Cylinder
題目描述
Using a sheet of paper and scissors, you can cut out two faces to form a cylinder in the following way:
Cut the paper horizontally (parallel to the shorter side) to get two rectangular parts.
From the first part, cut out a circle of maximum radius. The circle will form the bottom of the cylinder.
Roll the second part up in such a way that it has a perimeter of equal length with the circle's circumference, and attach one end of the roll to the circle. Note that the roll may have some overlapping parts in order to get the required length of the perimeter.
Given the dimensions of the sheet of paper, can you calculate the biggest possible volume of a cylinder which can be constructed using the procedure described above?
輸入
The input consists of several test cases. Each test case consists of two numbers w and h (1 ≤ w ≤ h ≤ 100), which indicate the width and height of the sheet of paper.
The last test case is followed by a line containing two zeros.
輸出
For each test case, print one line with the biggest possible volume of the cylinder.
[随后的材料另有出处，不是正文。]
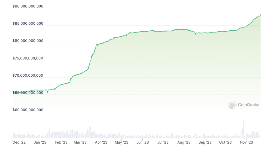 La stablecoin Tether ($USDT) ha ido ganando impulso en el mercado y se acerca a una capitalización de mercado de USD 90,000 millones, según datos de CoinGecko. El 20 de noviembre, el valor de $USDT alcanzó otro nuevo máximo con USD 88,000 millones, un 33% más desde principios de 2023.
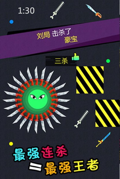 画面里除你之外全是敌人,你得时刻警惕其他玩家的攻击,在这片群雄逐鹿的地图上收集各式刀剑,感受刺激的游戏过程。
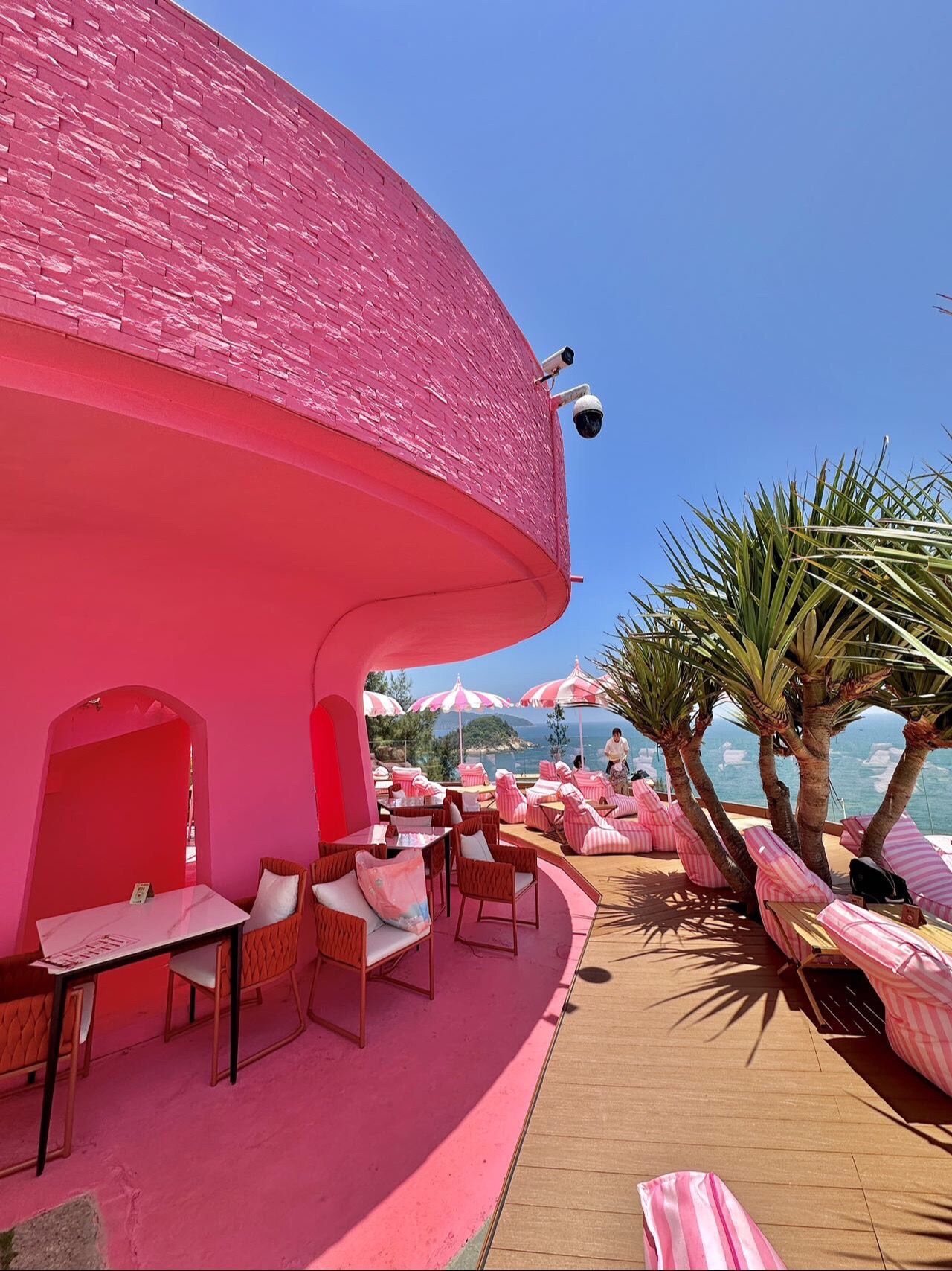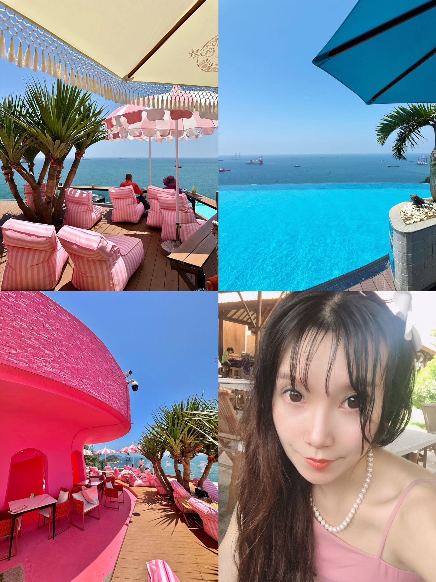山体公园彩虹灯塔海边秋千粉色螺旋梯观景台悬崖无边泳池临海栈道椰林沙滩。

Round this number to 3 places after the decimal point.
樣例輸入
10 10
10 50
10 30
0 0
樣例輸出
54.247
785.398
412.095
題目大意是給你一張已知長和寬的矩形的紙,讓你把他減成兩部分,其中一部分剪成圓形做底(只有一個底),另一部分捲成筒做側面,問 如何剪裁可以使得圓柱的體積最大,求出最大體積
一開始認爲是一個類似二分的題目,需要枚舉一下底和高。但是無從下手,結果劃拉劃拉發現好像是一個簡單的高數題,嘻嘻!
就是這樣的一個圖形,剪裁過後我們可以選擇用w或者h-2*r當高
w當高時應該同時滿足:2*r<=w && h-2*r>=2*pi*r,並且 V= pi*r*r*w 是一個關於 r 的遞增函數,求得滿足條件的並且可以使得體積最大的 r=min(w/2,h/(2*pi+2)) 然後求出體積 v1=pi*r*r*w ,即爲w當高時的最大體積
h-2*r 當高時,應該滿足的條件爲 2*pi*r <=w ,但是 V = pi*r*r*(h-2*r),求導可以知道 r = =h/3 時取得最大值,所以滿足條件並且要使得體積最大的 r=min(w/(2*pi),h/3) 然後求出體積 v2=pi*r*r*(h-2*r),即爲 h-2*r 當高時的最大體積
最終結果就是兩種情況的最大值嘍
#include<cstdio>
#include<string>
#include<cmath>
#include<cstring>
#include<iostream>
#include<algorithm>
#include<vector>
#include<stack>
#include<queue>
#define ll long long
#define mem(a,b) memset(a,b,sizeof(a))
using namespace std;
inline int _read() {
char ch = getchar();
int sum = 0;
while (!(ch >= '0' && ch <= '9'))ch = getchar();
while (ch >= '0' && ch <= '9')sum = sum * 10 + ch - 48, ch = getchar();
return sum;
}
const int inf=0x3f3f3f3f;
const int mm=0;
const double pi=acos(-1);
double w,h;
double r;
double v1,v2;
int main()
{
while(scanf("%lf%lf",&w,&h)!=EOF){
if(!w&&!h)
break;
//w 當高
r=min(w/2,h/(2*pi+2));
v1=pi*r*r*w;
//w 當底
r=min(w/(2*pi),h/3);
v2=pi*r*r*(h-2*r);
double res=max(v1,v2);
printf("%.3lf\n",res);
}
return 0;
}